La dette a joué un rôle essentiel dans l’occupation du Maroc et, ensuite, dans la pérennisation d’une certaine tutelle économique…
Àl’époque de la colonisation, la dette n’était pas seulement un moyen détourné de conquérir de nouveaux territoires, en fournissant un prétexte idéal à une intervention militaire. Elle était également la voie par laquelle les Occidentaux affirmaient leur supériorité morale et légitimaient leur domination politique à long terme. La dette est simultanément la concrétisation financière des inégalités entre nations et la justification morale de leur perpétuation. La notion de dette est également imprégnée d’une indéniable dimension morale. D’un point de vue anthropologique, une dette est avant tout une relation sociale et une obligation morale entre individus. Quand cette obligation morale devient une promesse quantifiable calculée selon un échéancier précis, elle atteint la dignité de celui qui ne peut honorer sa dette. L’incapacité de rembourser une dette est considérée comme une faute morale, ce qui légitime implicitement toute action entreprise par le créancier pour recouvrer ses crédits. La forme la plus extrême d’endettement est de fait l’esclavage: l’impossibilité d’honorer l’obligation morale du remboursement de la dette mène à la perte du bien le plus précieux que puisse posséder un individu, sa liberté…

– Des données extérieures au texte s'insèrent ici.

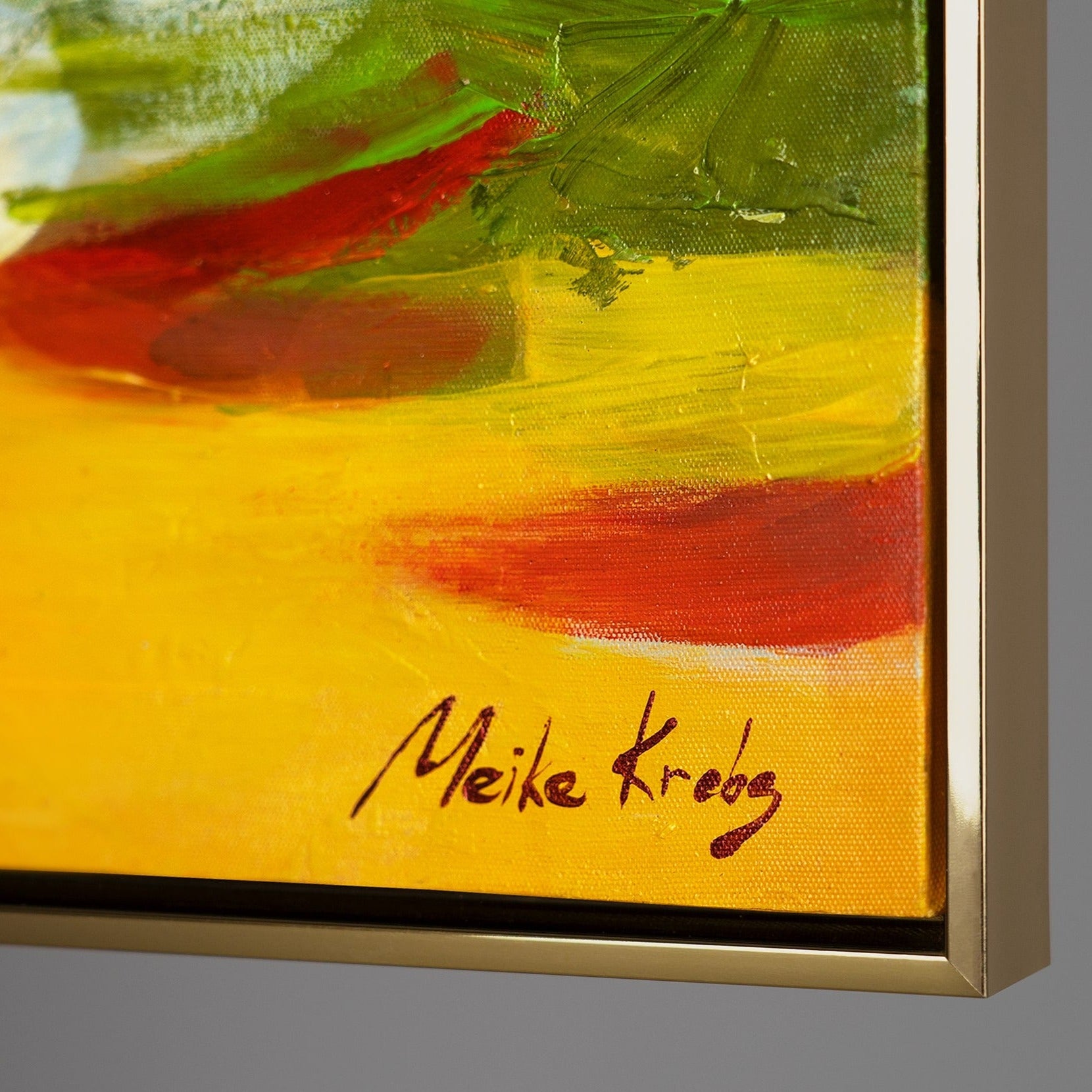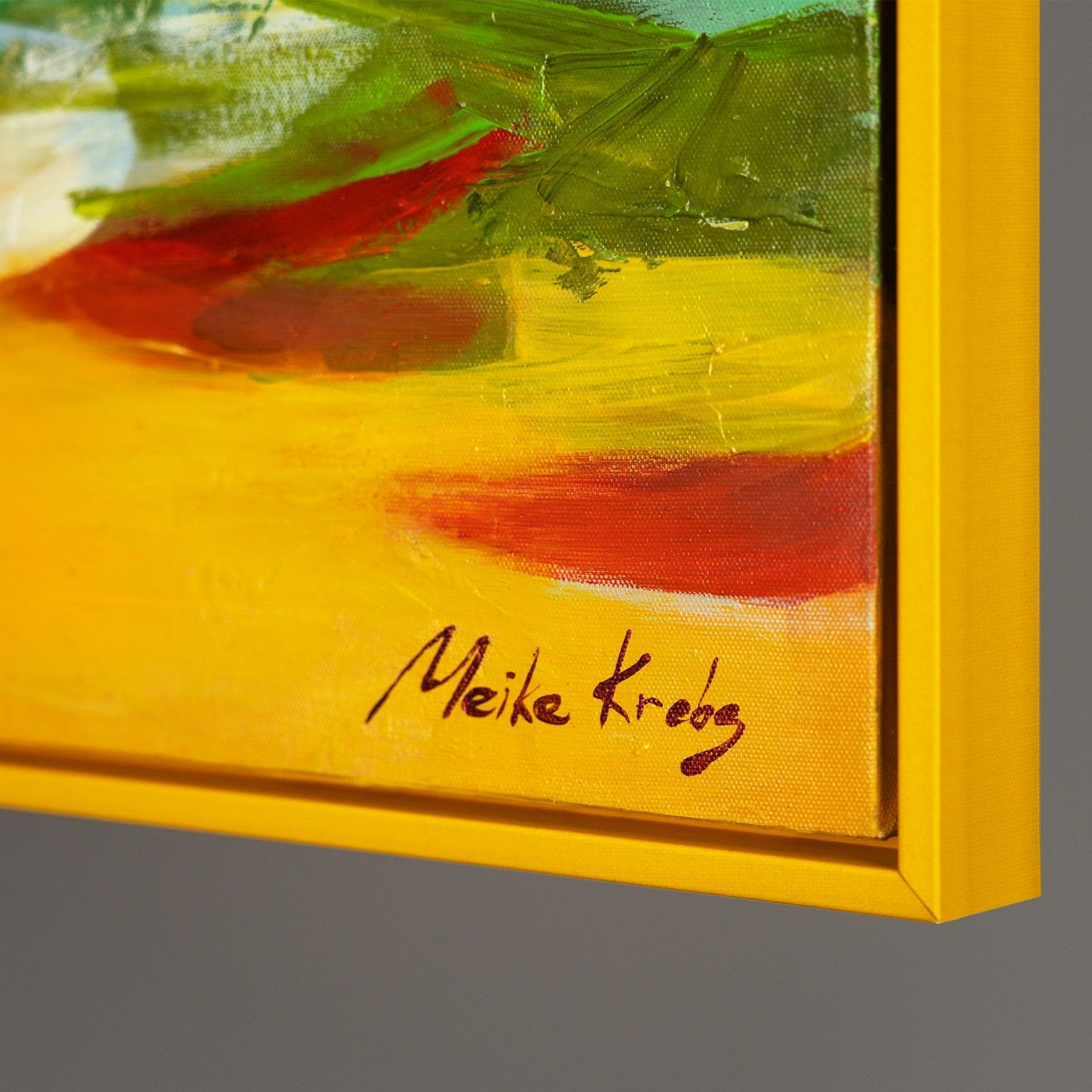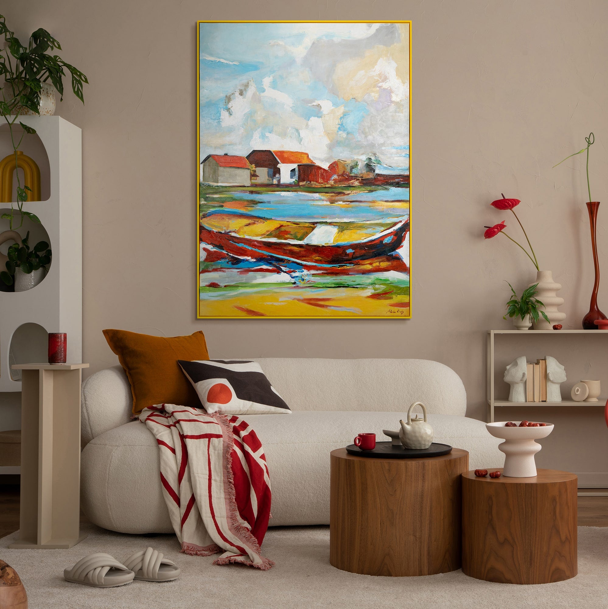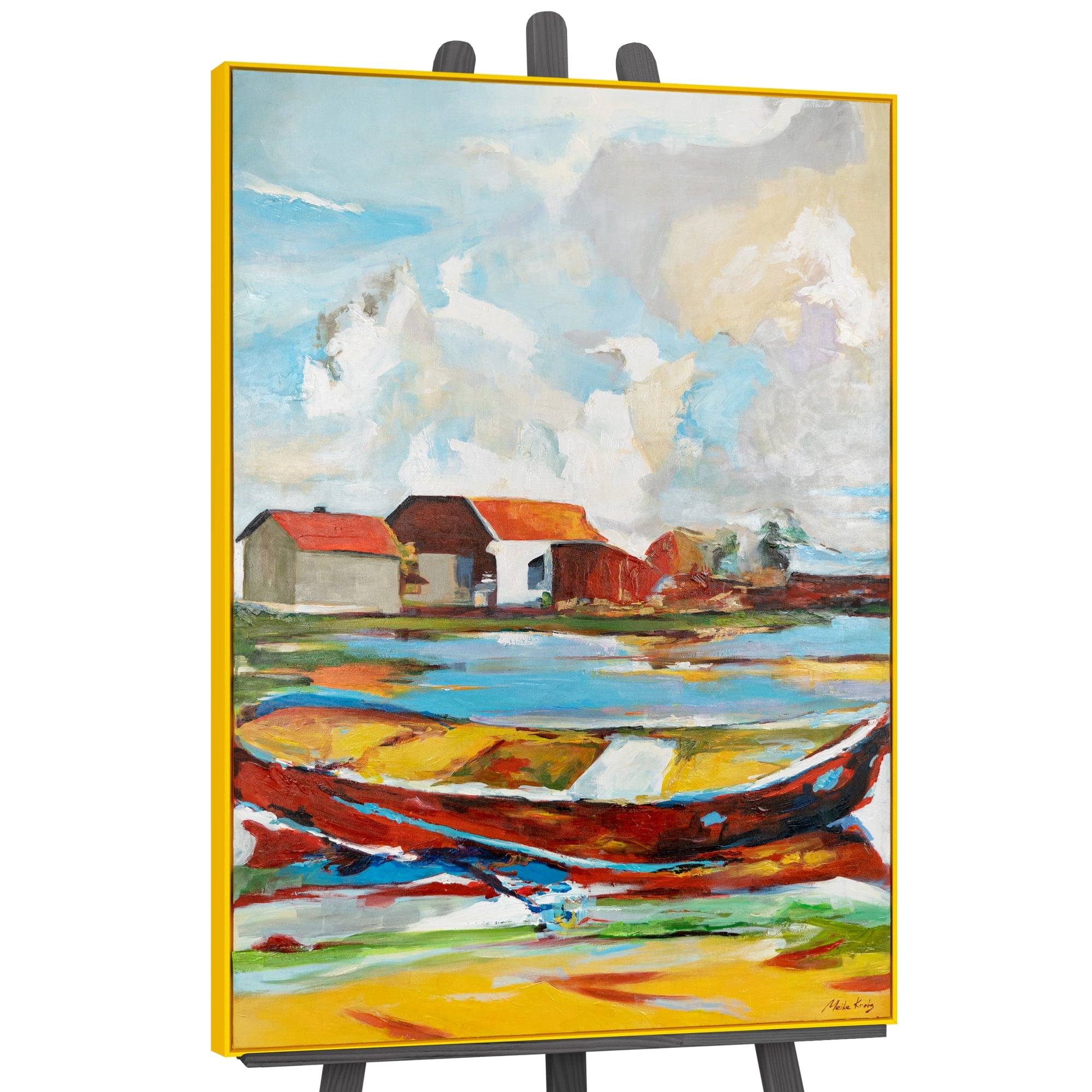 Enriquezca su hogar con esta pintura abstracta colorida que representa un paisaje idílico con barco y casas. El cuadro destaca por sus colores vivos y pinceladas expresivas. Está 100% pintado a mano y realzado con un elegante marco amarillo moderno.

La dette publique est un objet éminemment politique, dont l’attribut essentiel est sa dimension publique. Un État ne s’endette pas de la même façon qu’un individu privé : la dette publique est la dette d’une communauté politique prise comme un tout. Elle est dès lors singularisée par sa permanence dans le temps et ne dépend en aucun cas du sort d’individus privés.